Ales are more alcoholic than lagers, largely due to the style of yeast and the temperature at which the yeasts ferment; ale yeasts tolerate a more alcoholic environment and thus provide a darker, richer product. A standard pub-style pale ale or basic brown ale will generally clock in around 5% ABV, though, with dozens of different styles in today’s crowded craft beer market, you can easily find a pint that packs more of a punch. IPAs, the darling of the craft brewing industry, will typically range from 6-8%, and the popular trend towards double and triple-style versions pushes these well over 10% ABV.
Beer, by definition is crafted from cereal grains (very few of which are gluten-safe) and as such, ale is not a gluten-free product; on the beer spectrum, lagers and stouts tend to contain less gluten than ales which rely on the barley and wheat malt to deliver its distinctive sweetness. Some brewers are experimenting with more gluten-safe grains, like sorghum or rice, and others are introducing an enzyme that helps remove the gluten molecules from the final products. Household names like New Belgium Brewing Company and Stone Brewing offer gluten-safe pale ales and even IPAs, though even then, you’re not guaranteed an 100% gluten-free product.
While a rhetorical question no doubt (an ale is, in fact, an ale after all), you might not know what exactly marks the difference between the two fundamental beer styles; it all comes down to the yeasts employed and the fermentation process. The process by which ales are made is much older than that of lagers, as lager yeasts originally came from South America and thus did not enter European markets for some time. Ales rely on top-fermenting yeast strains, which, as the name suggests, remain on top of the warm wort while feeding on sugars, whereas lager yeasts sink to the bottom and ferment at much colder temperatures.

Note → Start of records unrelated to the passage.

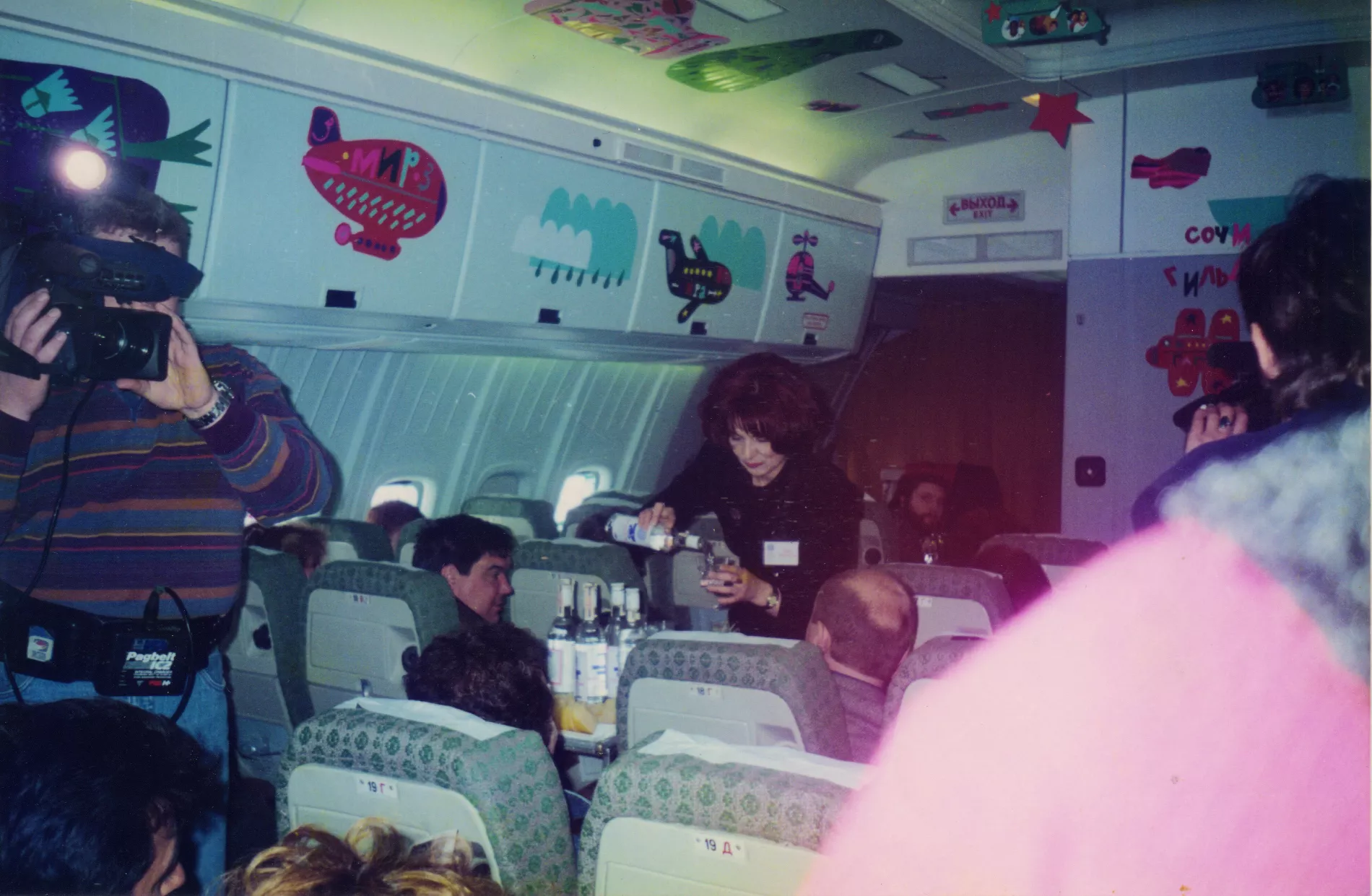 Спустя три года, также в День космонавтики, «Гильдия красивых» организовала, возможно, самую дерзкую акцию в своей истории — выставку-перформанс на борту самолета Ил-86 «Внуковских авиалиний», выполнявшего рейс Сочи–Москва. Договориться об этом необычном мероприятии с авиакомпанией смогла участница группы Ирэн Ильенкова. За час до вылета художники разместили свои работы и инсталляции на стенах, потолке, иллюминаторах и даже в туалете авиалайнера. Темой экспозиции стали небо и воздухоплавание: самолеты, вертолеты, аэростаты, звезды, облака, бабочки. Как только самолет набрал высоту, Даниил Да начал читать свои стихи по громкой связи, а участницы группы угощали пассажиров фруктами и бесплатной водкой. По воспоминаниям художницы Ирэн Ильенковой, от импровизированного фуршета не отказался даже пилот. Все это происходило на высоте 10 тыс. метров.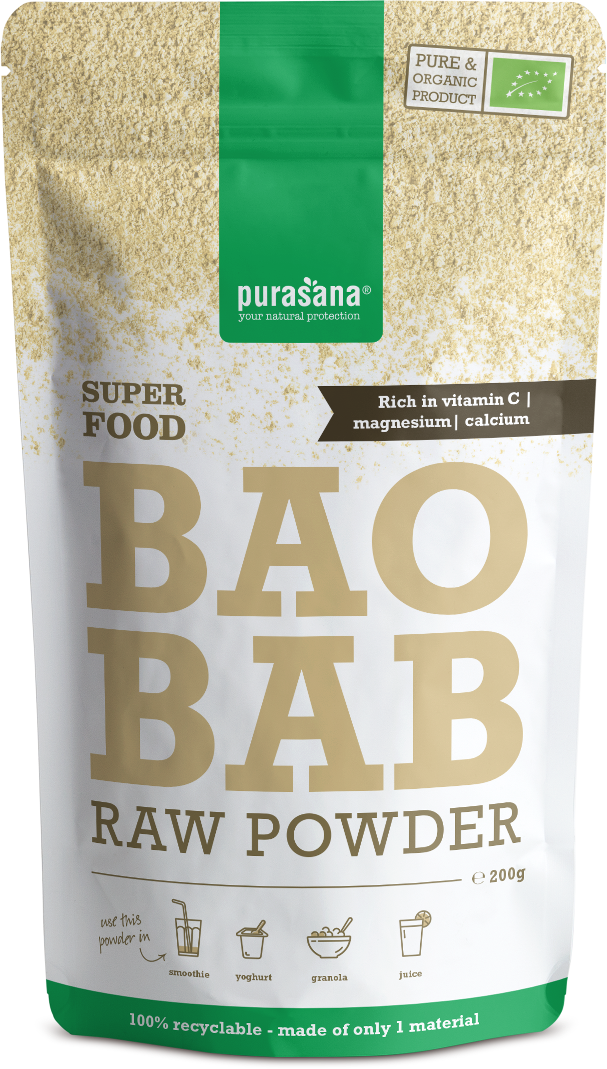 Baobab wird auch Affenbrotbaum genannt. Die harte Außenschale von der Frucht des Affenbrotbaumes wird nach der Ernte aufgebrochen und der Inhalt heraus genommen. Baobab ist bekannt für seinen hohen Vitamin C und Ballaststoff-Gehalt.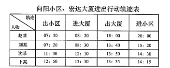 21.某日H市A 派出所接群众报警,13时30分辖区宏达大厦发生一起盗窃案件,派出所民警老王和小胡接报后立即赶赴现场。民警查看现场视频和走访调查后发现,嫌疑人从向阳小区来到宏达大厦实施盗窃后,径直步行返回了小区,步行时间大约40分钟。经排查,赵某、刘某、沈某、卜某四人有一定嫌疑,民警小胡按四人活动时间制作了向阳小区、宏达大厦进出行动轨迹表(见下表),其中嫌疑最大的是:()(2024年广东省考)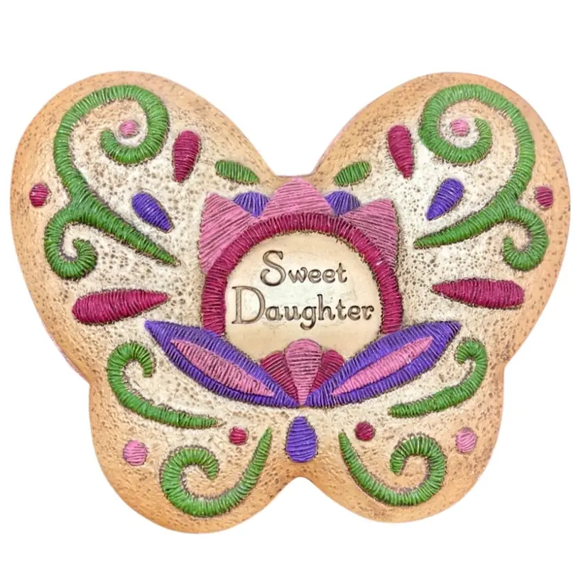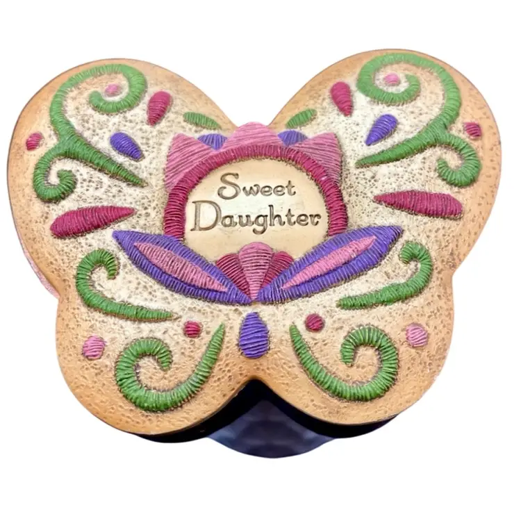This beautiful Pavilion Gift Company/Country Soul heart keepsake box is the perfect gift for a sweet daughter. The multicolor resin box features a modern design with the words "Sweet Daughter" on the lid. Inside, there is a heartfelt message that will bring a smile to your daughter's face every time she opens it. Crafted in China, this keepsake box is a wonderful gift for birthdays, holidays, or just to show your daughter how much you care.
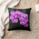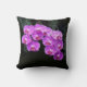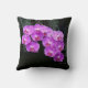 Belo travesseiro decorativo com belas orquídeas púrpuras de falaenopse em cascata em fundo preto. Foto tirada no Jardim Botânico Daniel Stowe, em Belmont, NC. presente de excelente para um amante de orquídea! Fotografia digital por Sue Melvin
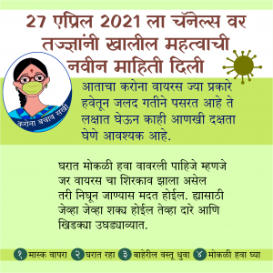 27 एप्रिल 2021 ला चॅनेल्स वर तज्ज्ञांनी खलील महत्वाची नवीन माहिती दिली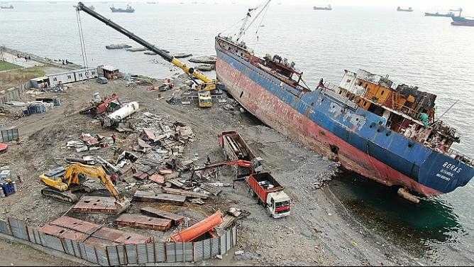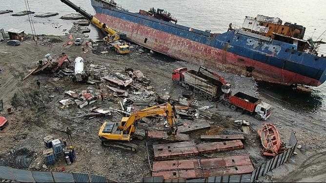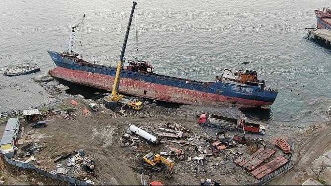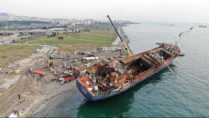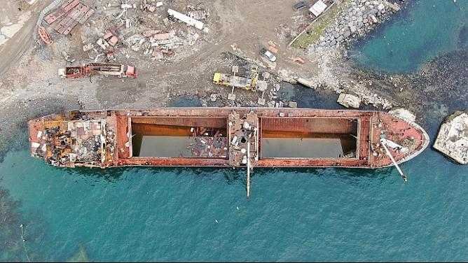 Parçalara ayrılan Boras isimli gemi drone ile havadan görüntülendi.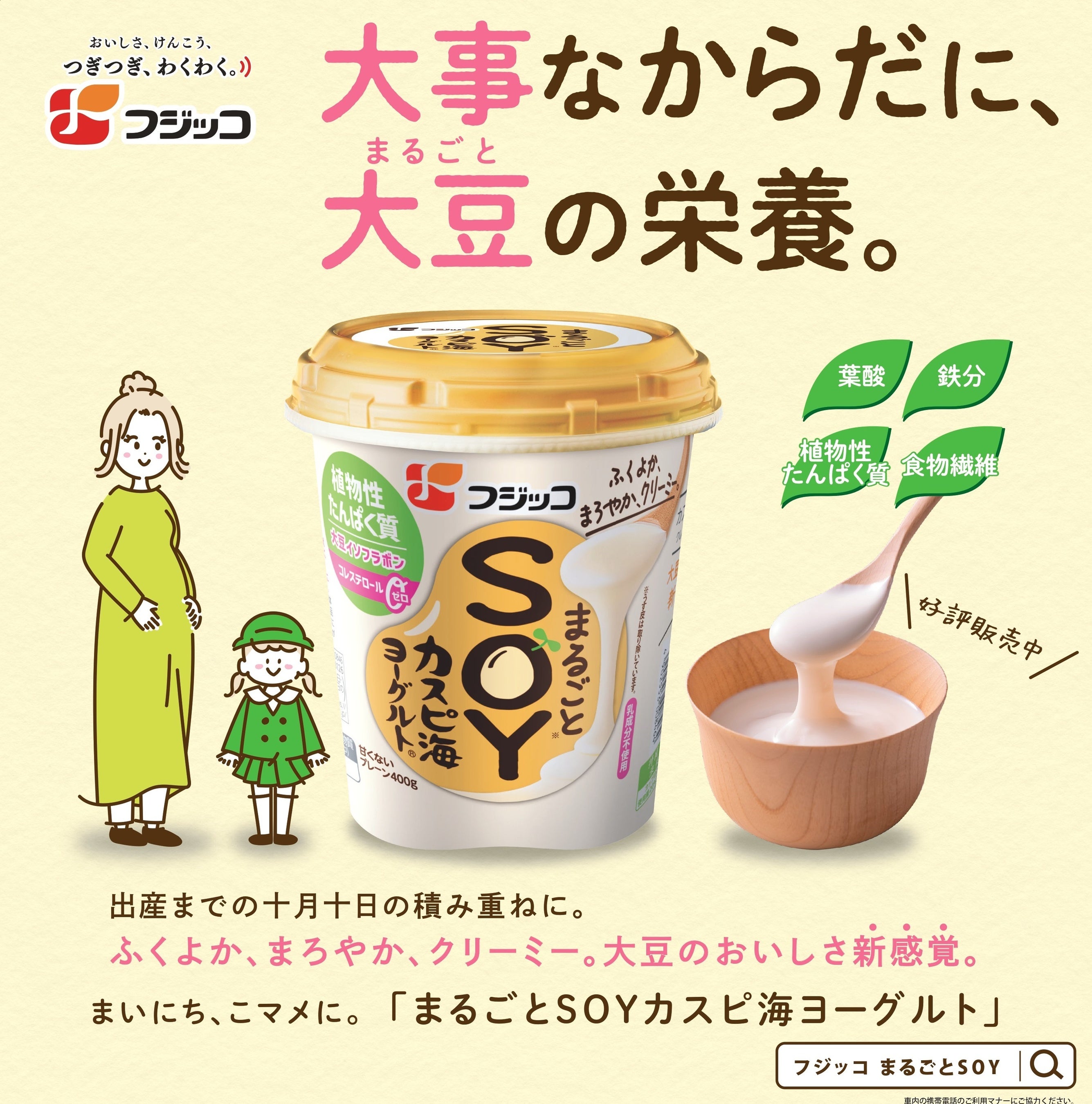 フジッコ商品である「まるごとSOYカスピ海ヨーグルト」は、独特のとろ~りクリーミーな食感と酸味の少ないまろやかな味わいが特徴の、大豆をまるごと使った植物性ヨーグルトです。妊産婦さんに大切といわれている葉酸、鉄、たんぱく質などを含む大豆をまるごと使用しており、毎日の食事から大豆に含まれている栄養を手軽においしく摂ることができます。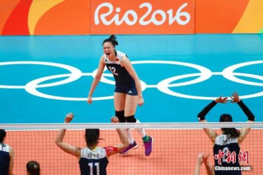 当地时间8月18日,2016里约奥运会女排半决赛,中国队3:1战胜荷兰队晋级决赛。这是中国女排时隔12年再次进入奥运决赛。中新网记者 富田 摄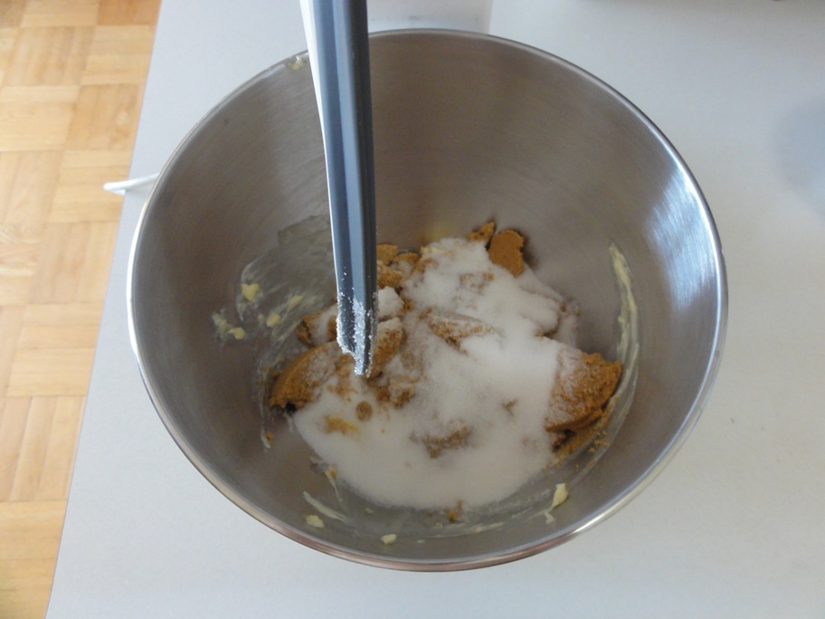 - Cream the butter and sugars together on low speed for about minute, and then on medium speed until light and fluffy; about 3 minutes.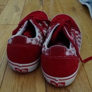 Vibrant red sneakers with classic checkered pattern. Comfortable and stylish for kids.
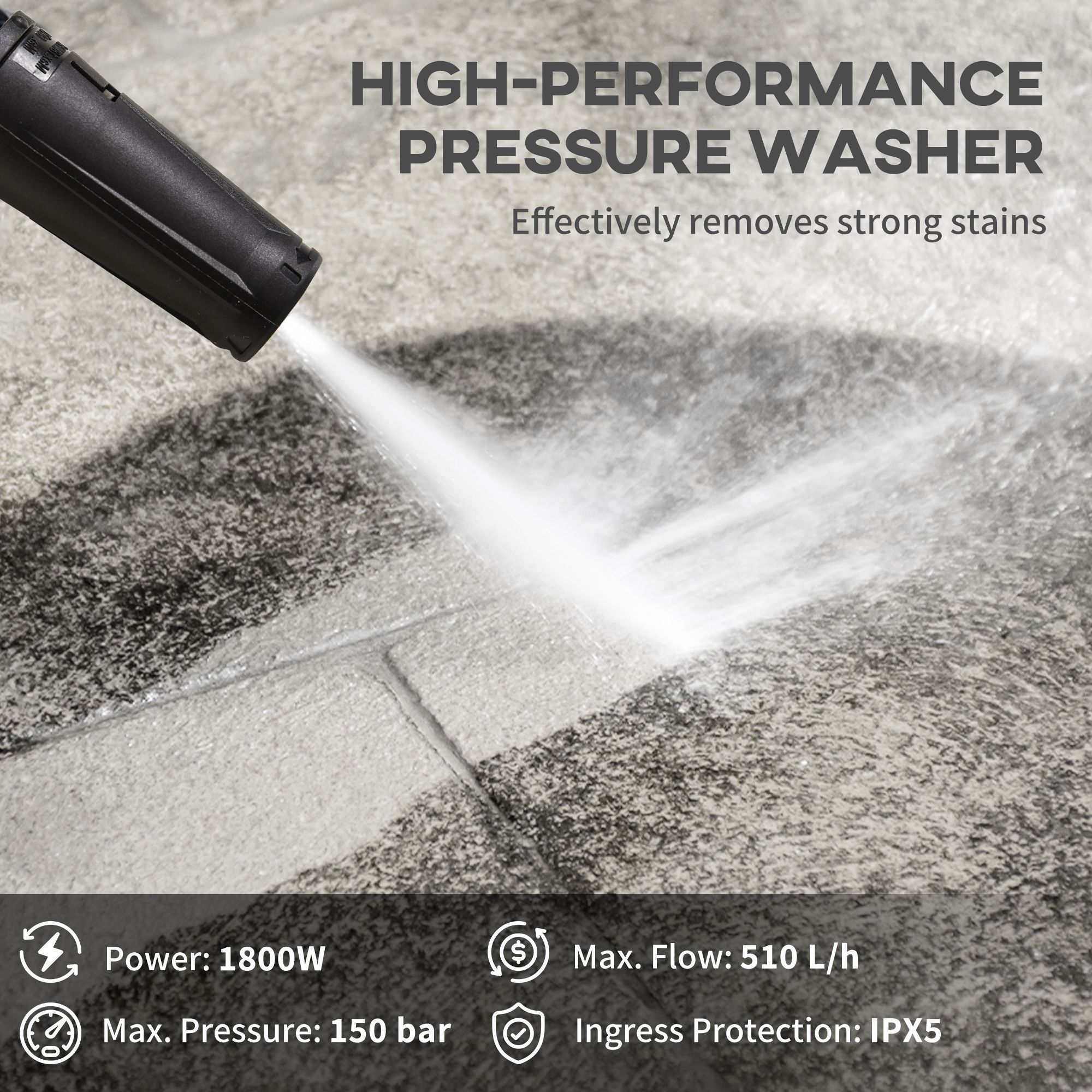DURHAND High Pressure Washer, 150 Bar Pressure, 510 L/h Flow, 1800W, High-Performance Portable Power Jet Wash Cleaner, Blue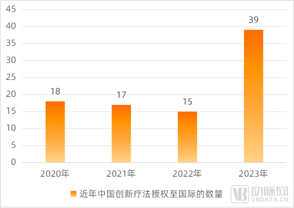 2023年39款中国创新药实现国际授权合作,创近4年新高,数据来源:药明康德,蛋壳研究院
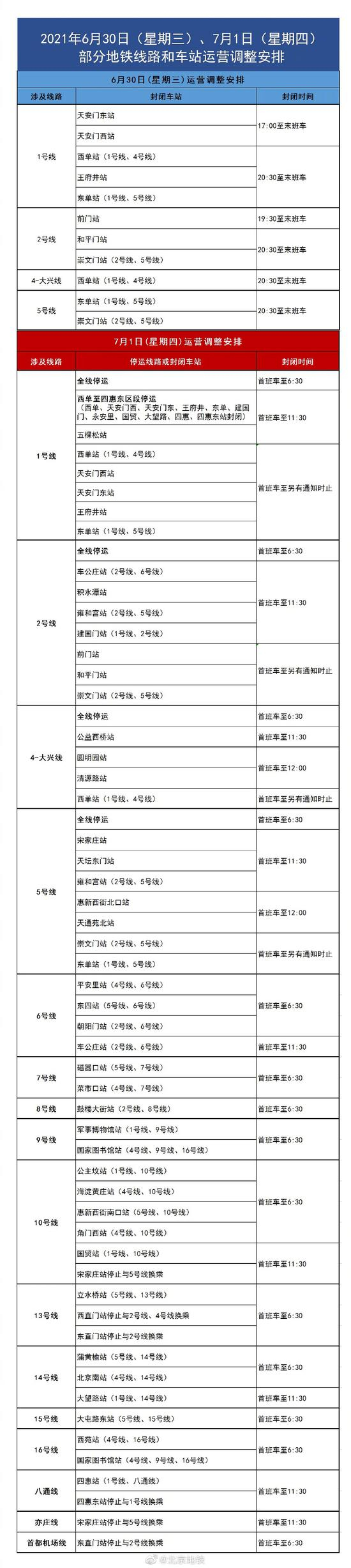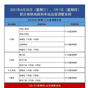 根据北京市公安局《关于庆祝中国共产党成立100周年大会期间采取交通管制的通告》,2021年6月30日(星期三)、7月1日(星期四)部分地铁线路和车站将进行如下运营调整: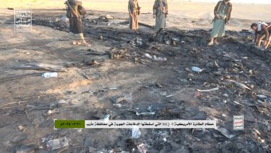 بعد ساعات من إسقاطها في مأرب.. الإعلام الحربي يوزع مشاهد حطام الطائرة الأمريكية MQ_9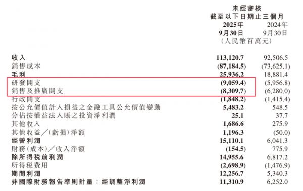 但真相往往隐藏在财报细节里。2025年第三季度,小米集团研发投入超过90亿元,同比增长52.1%,而销售及推广开支为83亿元。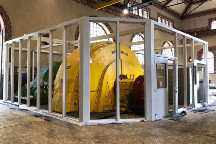 Cabina accesible y completamente desmontable, para facilitar el manejo de los componentes de la turbina en la histórica planta hidroeléctrica construida en 1932. Ventilada mediante un ventilador eléctrico acoplado a un silenciador.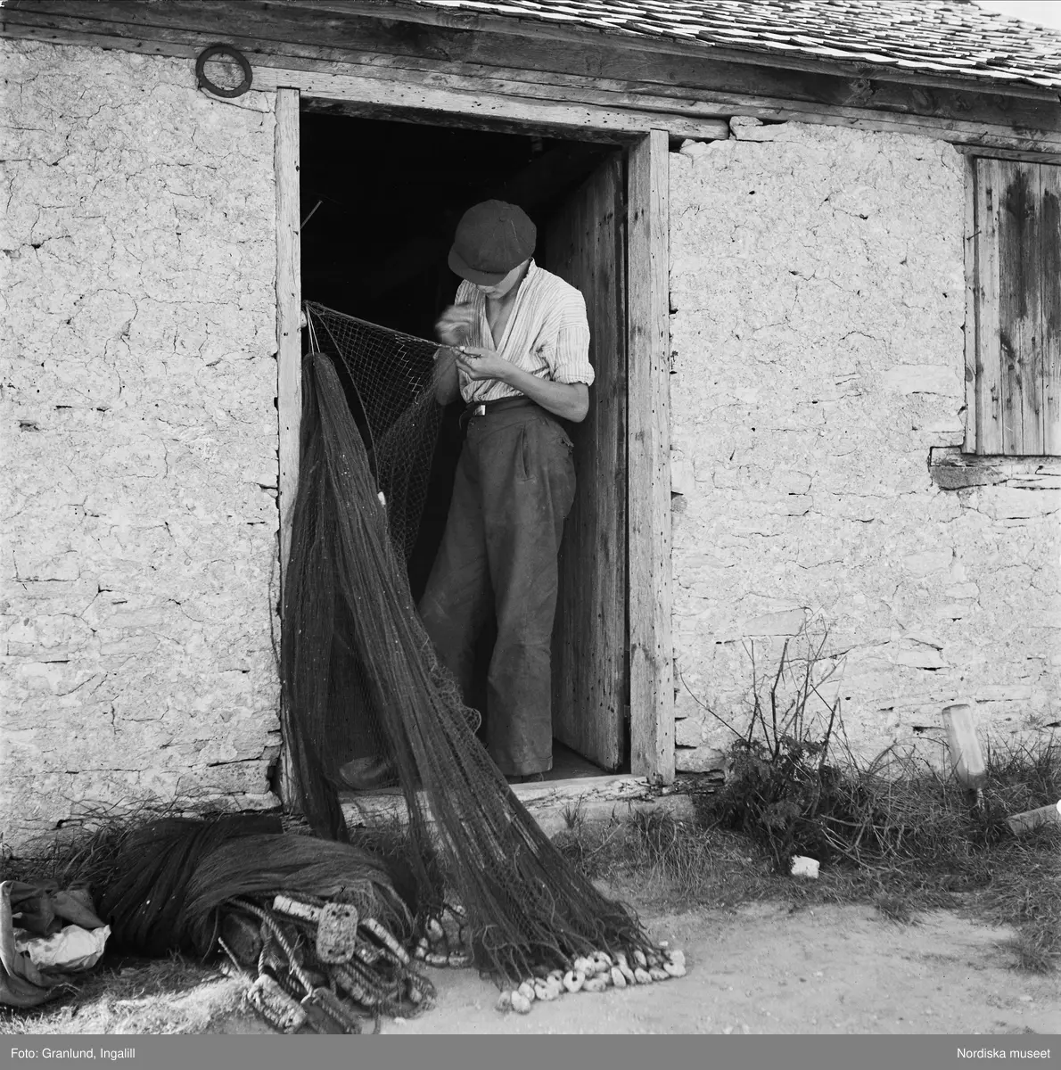 Burs socken, Herta fiskeläge, Gotland. Axel Jakobsson lappar garn stående framför en byggnad.

Ales, especially IPAs and Belgian-style ales, tend to be higher in alcohol than other beers, so you’re likely to consume more calories and carbs per pint. A basic, 5% ABV, 12-ounce bottle of pale ale contains around 150 calories and 13 grams of carbohydrates; a common IPA (say, a Lagunitas) is closer to 190 calories and 19 grams of carbs; a glass of dark Belgian-style ale might even surpass 300 and 30 grams of carbs. Ales tend to deliver a richer, maltier taste and often appear as darker shades of ambers and toasted browns — these qualities coincide with a higher calorie count.